Uncut (p.84) - 5 stars out of 5 -- "Adrian Utley proves to be the key player through much of the record....Here his playing is frequently awe-inspiring....THIRD is the most stunning, stark and superb Portishead album yet."
Paste (magazine) (p.52) - "THIRD is far and away the best, most punk thing in the Portishead catalog: a deeply transgressive album that bears a passing similarity to its predecessors but leaves most of the baggage behind..."
Clash (magazine) (p.108) - "Portishead have sidled back to express their tortured collective in more depth than most bands could ever dream off. They have subverted the natural order.
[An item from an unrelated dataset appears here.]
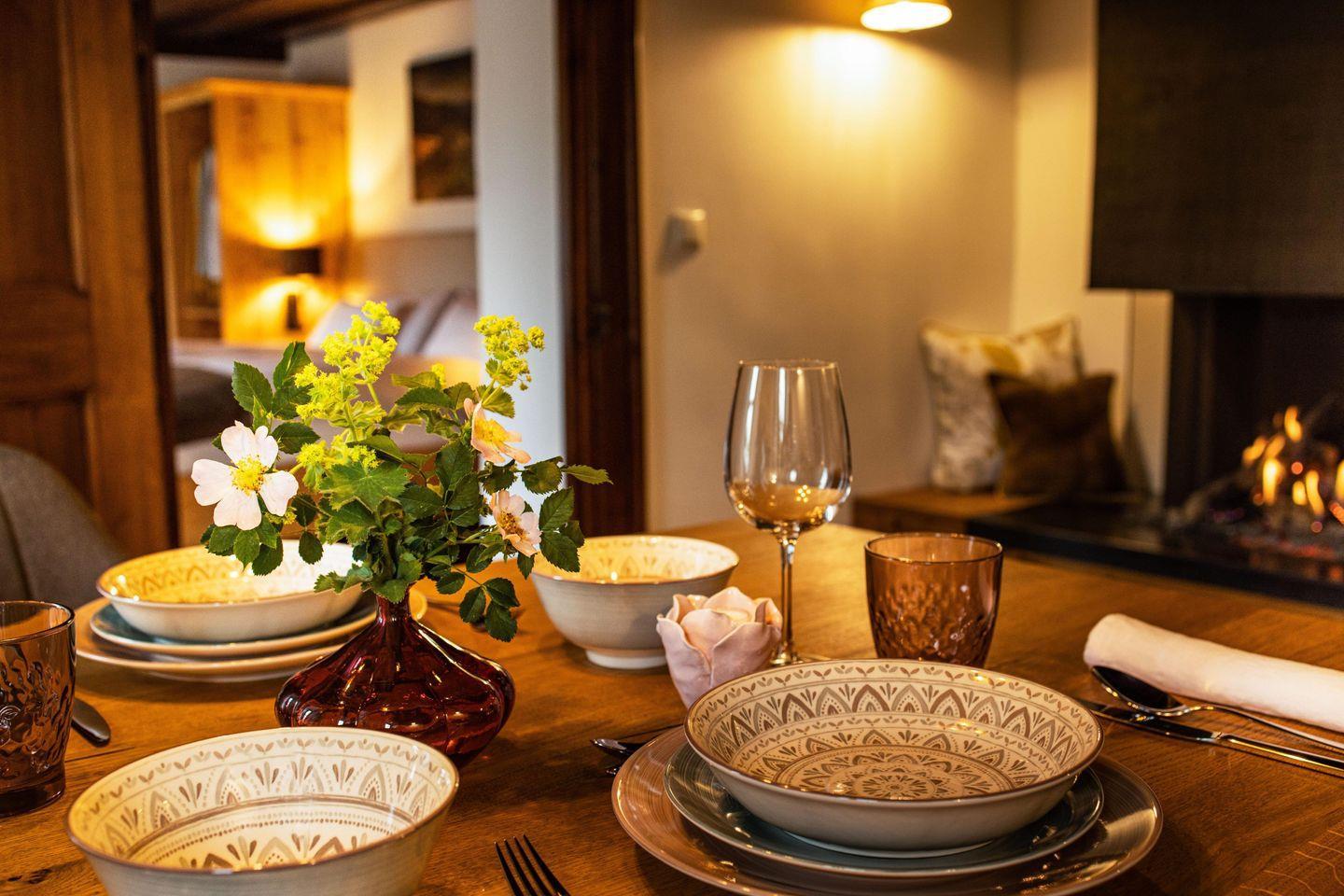 Direkt angrenzend an die Küche befindet sich das schöne Esszimmer mit Blick über Berchtesgaden. Es ist mit einem großen Esstisch, einem modernen Kamin und einem Lesesessel ausgestattet.

Pain was never meant to feel this good."
More than a decade after its self-titled sophomore outing, the pioneering British electronica ensemble Portishead finally resurfaced with 2008's THIRD, an album that both meets and defies expectations. Although the record features many of the group's aural signatures--most notably that exquisitely dark, cinematic mood and Beth Gibbons's heartbreaking vocals--it presents little in the way of vintage trip-hop, proving that sonic masterminds Geoff Barrow and Adrian Utley aren't keen on repeating themselves. "Silence" kicks off the affair with tumbling percussion loops, while "Nylon Smile" drifts along on spare, slinky instrumentation, and "Machine Gun" moves to jarringly martial metrics that are battlefields away from any pop arena. Though THIRD is initially disorienting, repeated listens reveal a deeply engaging and fascinating album that stays true to the melancholy spirit of Portishead even as it wanders into unfamiliar territory.